Charlotte will give up Brevin Knight,but they'd want young players or draft picks.Don't really think Cleveland's pick is going to be that great this year unless they have major injury problems


----------



## bruindre (Jul 18, 2004)

Diable said:


> Charlotte will give up Brevin Knight,but they'd want young players or draft picks.Don't really think Cleveland's pick is going to be that great this year unless they have major injury problems


I think Brevin Knight would be worth the 1st rounder from Cleveland next draft. Good fit for the Cavs. I'd jump on that one if I was management of Cleveland.


----------



## Pioneer10 (Sep 30, 2004)

We have no pick secondary Paxson wanting Jiri Welsch (excuse me while I vomit). That is after he already traded for Sasha for a first rounder after drafting a similar player in Luke Jackson the same year (excuse me while I dry heave)


----------



## Benedict_Boozer (Jul 16, 2004)

Brevin Knight doesn't do it for me. We need someone with better perimeter shooting and upside. 

What about Delonte West? His value seems to be dropping with Telfair and Rondo getting all the PG minutes.


----------



## bruindre (Jul 18, 2004)

Benedict_Boozer said:
 

> Brevin Knight doesn't do it for me. We need someone with better perimeter shooting and upside.
> 
> What about Delonte West? His value seems to be dropping with Telfair and Rondo getting all the PG minutes.


Doesn't Delonte have back problems right now?


----------



## Benedict_Boozer (Jul 16, 2004)

bruindre said:


> Doesn't Delonte have back problems right now?


Not sure, I was just throwing it out there. 

The problem I see the Cavs are gonna have is getting fair value back. None of the good young PG's are coming our way without giving up Varejao, and anybody else decent will cost us alot more than the guys we want to get rid of - e.g. Sasha, DJ, Newble. 

We might just have to hold on and see what we got in Shannon Brown and Gibson


----------



## futuristxen (Jun 26, 2003)

It would be nice to get just kind of an Anthony Johnson type(what about Anthony Johnson?) to run the team for this year, and then hand it over to Daniel Gibson down the road.

What about Rod Strickland?

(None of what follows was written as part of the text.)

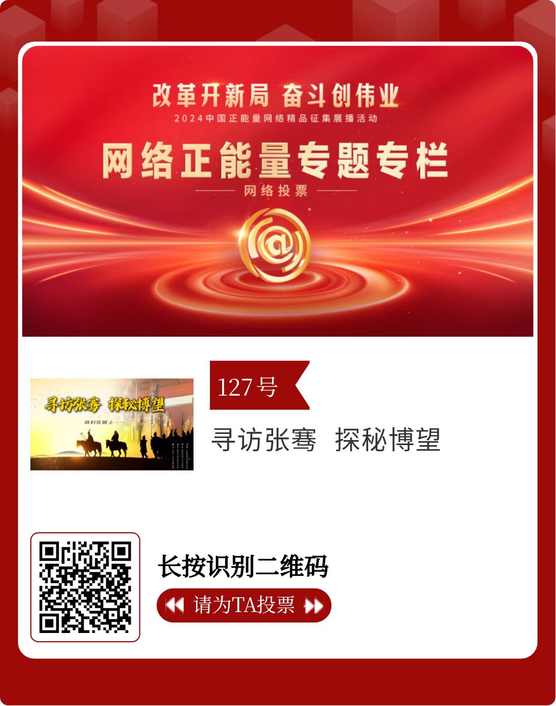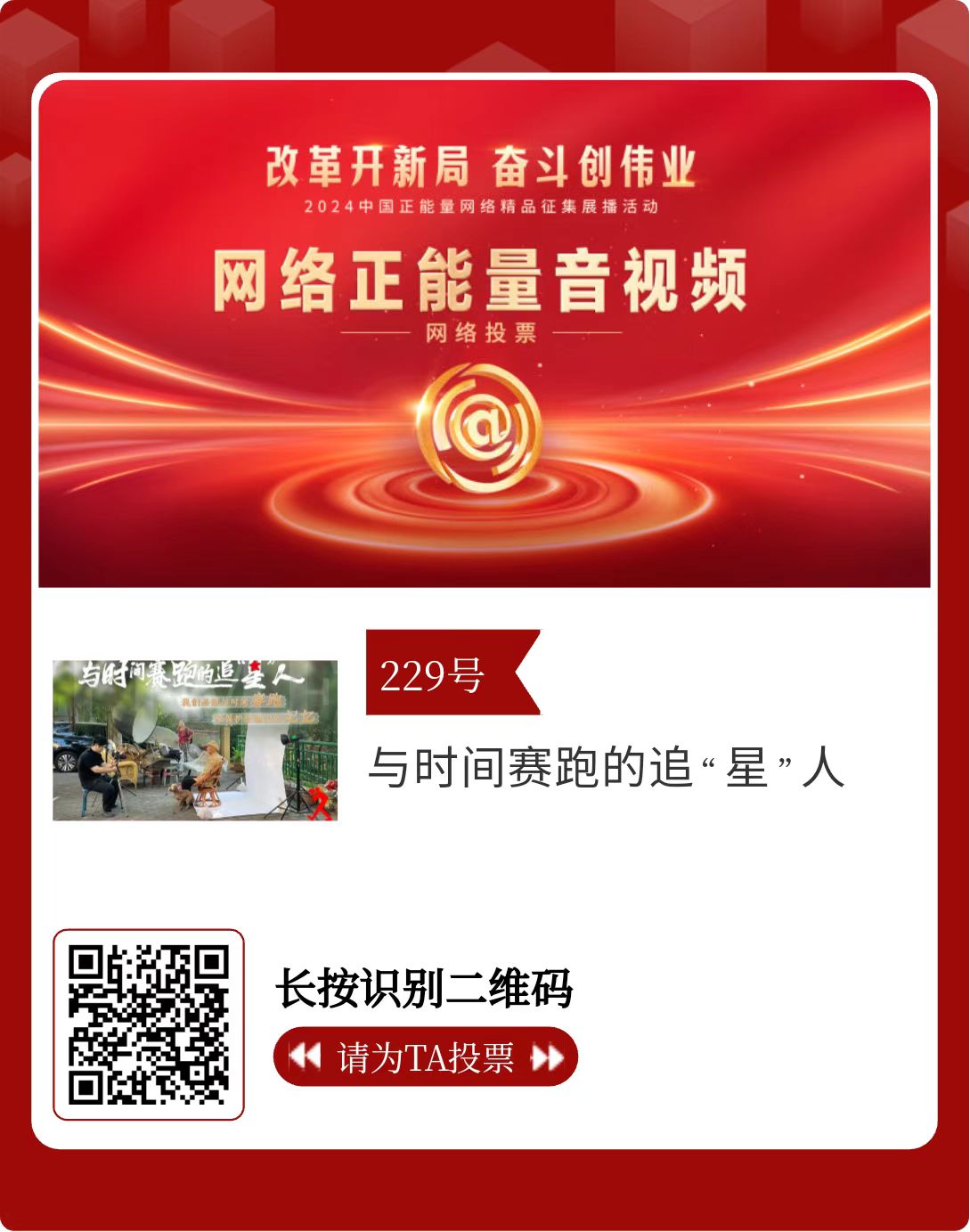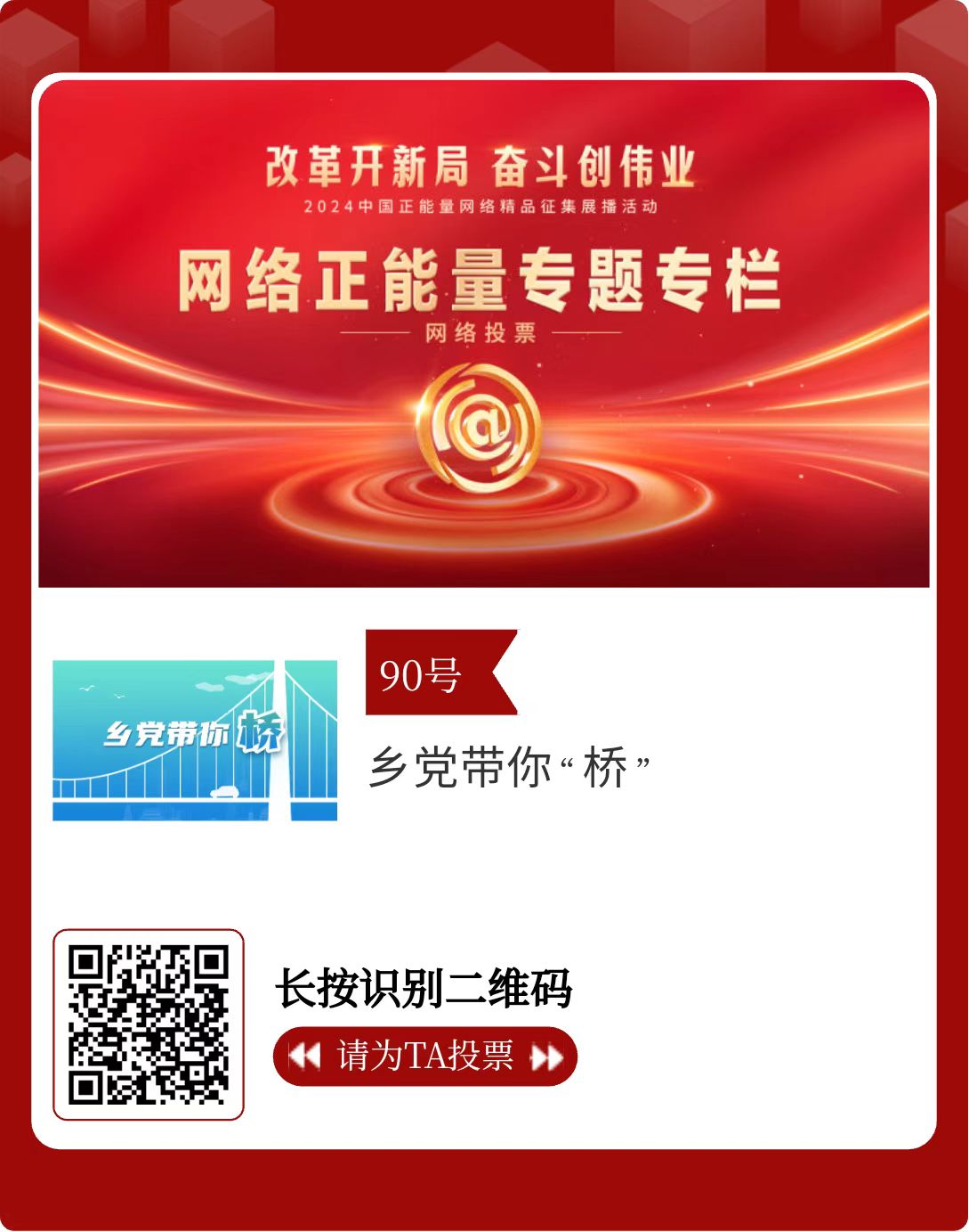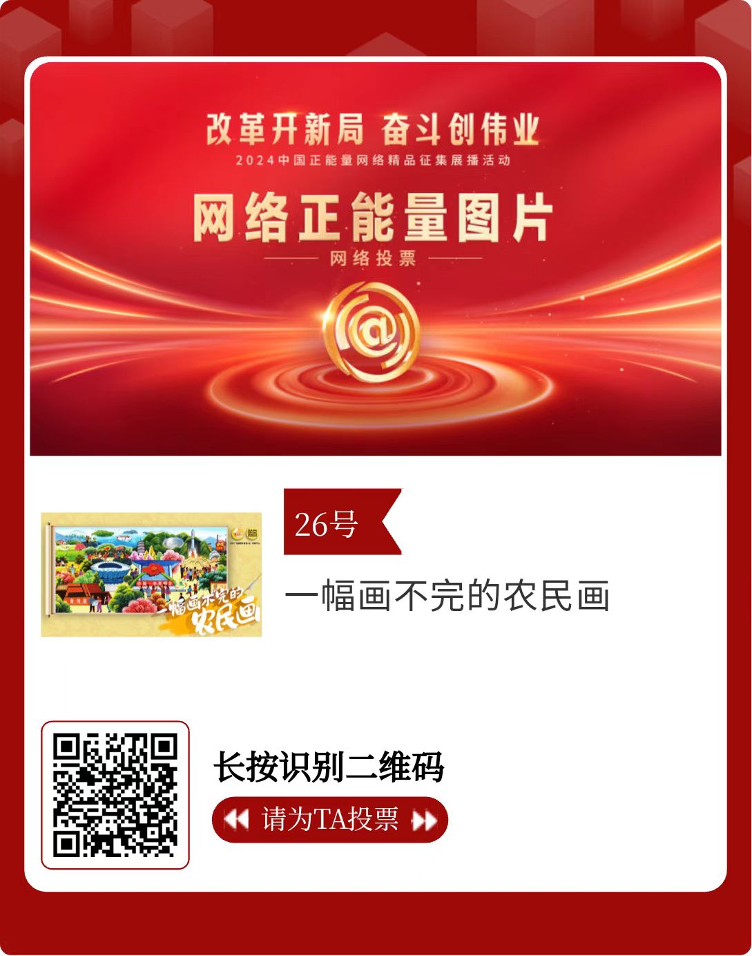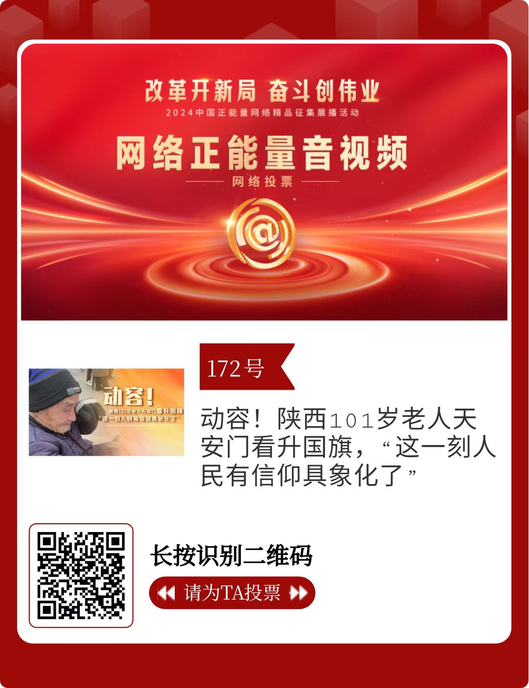 改革開新局,奮斗創(chuàng)偉業(yè)。由中央網(wǎng)信辦主辦的2024中國正能量網(wǎng)絡精品征集展播活動今天啟動網(wǎng)絡展播投票。
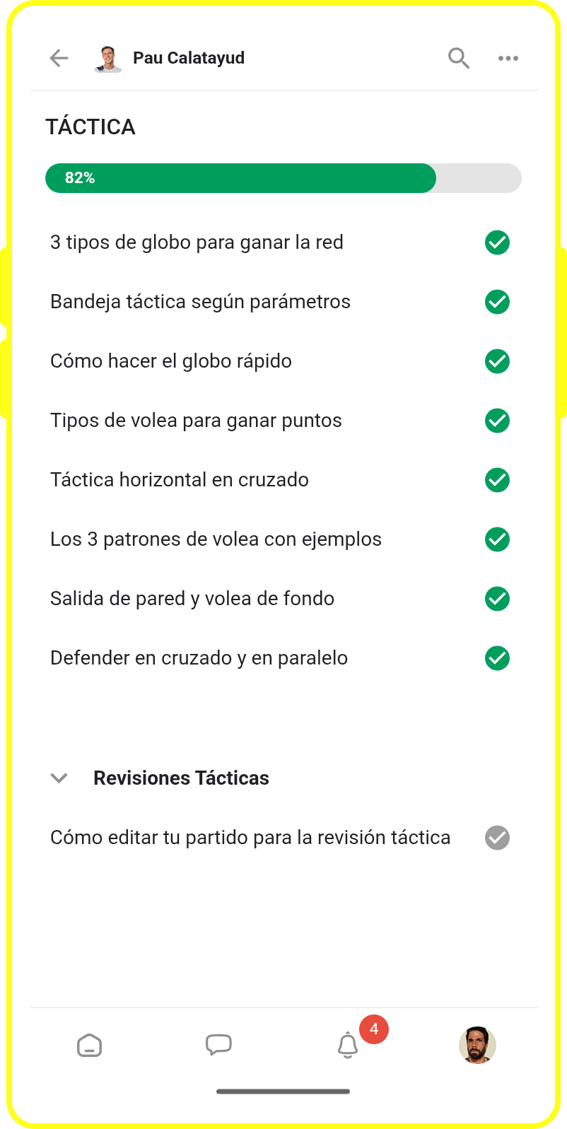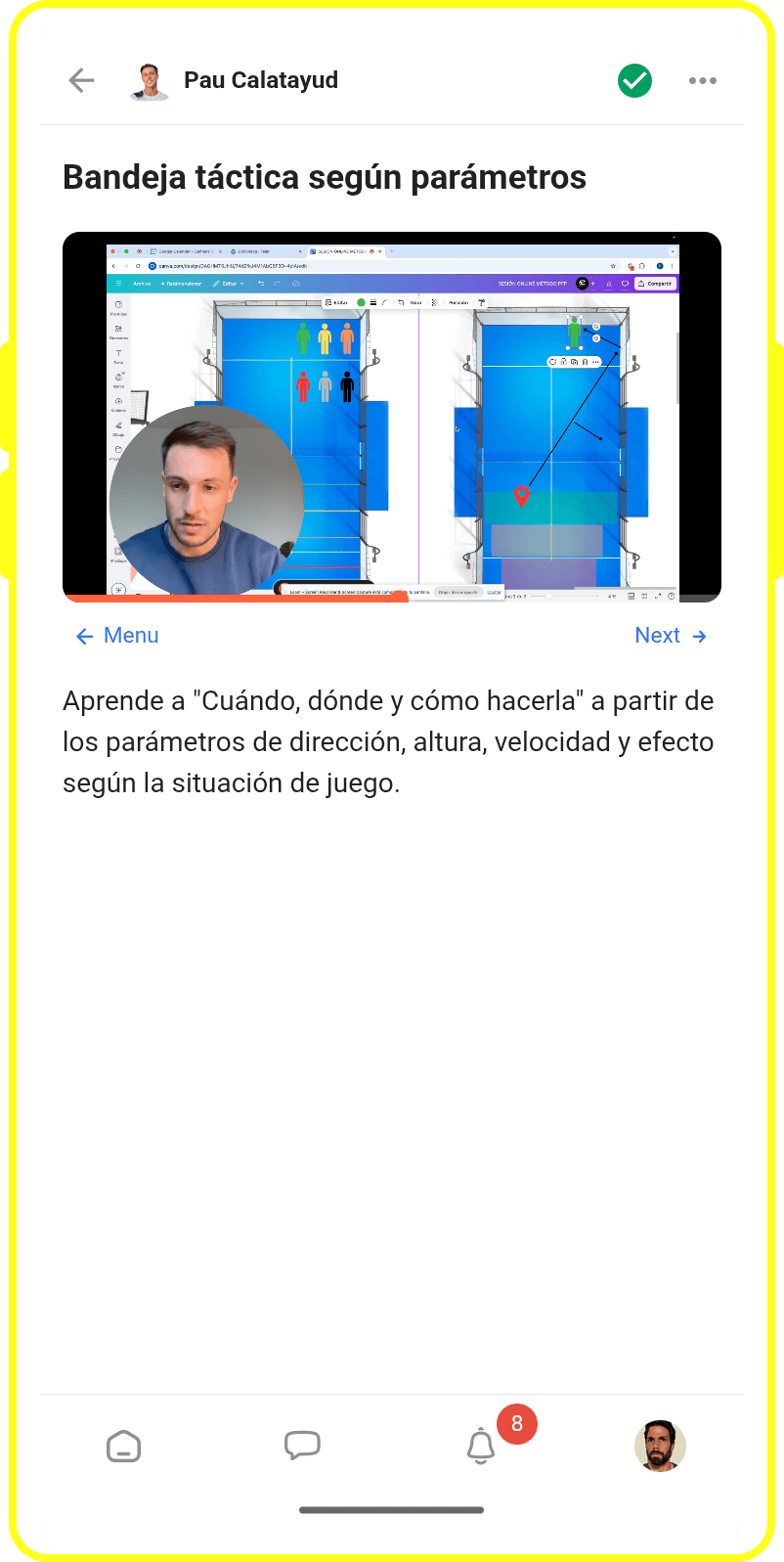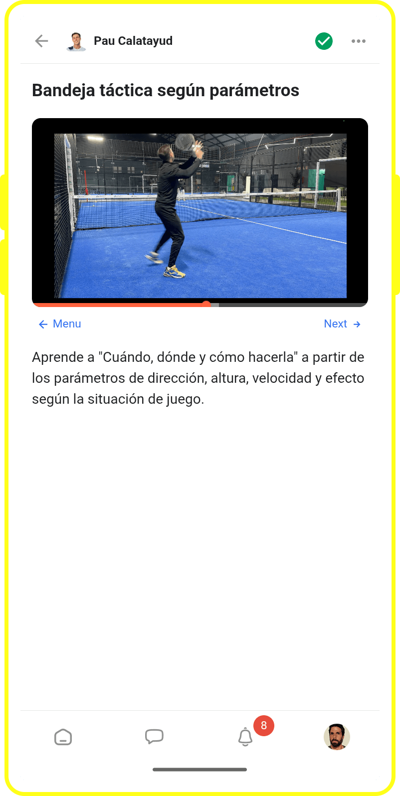 Abordamos problemas concretos detectados en tus partidos, permitiéndote integrar los consejos extraídos de tus revisiones técnico-tácticas y otras estrategias, con el acompañamiento constante de tu coach y píldoras didácticas disponibles en nuestra plataforma de aprendizaje.

Let's bring him out of retirement.


----------



## Benedict_Boozer (Jul 16, 2004)

futuristxen said:


> It would be nice to get just kind of an Anthony Johnson type(what about Anthony Johnson?) to run the team for this year, and then hand it over to Daniel Gibson down the road.
> 
> What about Rod Strickland? Let's bring him out of retirement.


Man I mentioned Anthony Johnson before, the Pacers gave him up for nothing - Darrel Armstrong I believe. Of course they prob weren't giving him to us for that, but maybe we can deal with Dallas since they already got Harris and Jason Terry.


----------



## Pioneer10 (Sep 30, 2004)

If Dallas continues to play like crap AV/Jones for Devin Harris/Mbenga? They already have Terry, Howard in the backcourt and Dallas looks like they need a guy with energy


----------



## WaterlooVikings (Oct 31, 2006)

i would love to see devin harris come to cleveland to play.... i think it would be a good fit as well... dv needs to be a little more consistent though.... still great upside


----------



## Zuca (Dec 4, 2003)

I still think that Francis isn't so hard to get, and he can fit well with this team...

Donyell+Newble and Snow for him;

Or bigger version...

Cavs sending Donyell+Newble to Philadelphia and Snow to NY;
NY send Francis to Cavs and Malik Rose to Philadelphia;
Philadelphia send Chris Webber to NY;


----------



## futuristxen (Jun 26, 2003)

I notice a lot of you are chucking Andy into these trades when before we only allowed him to be in trades for true top tier young players.

Maybe we need to discuss that. Are we done with Andy?

And to add to that, what's wrong with Andy? He has no energy this year. Just a lot of fouls.


----------



## Pioneer10 (Sep 30, 2004)

futuristxen said:


> I notice a lot of you are chucking Andy into these trades when before we only allowed him to be in trades for true top tier young players.
> 
> Maybe we need to discuss that. Are we done with Andy?
> 
> And to add to that, what's wrong with Andy? He has no energy this year. Just a lot of fouls.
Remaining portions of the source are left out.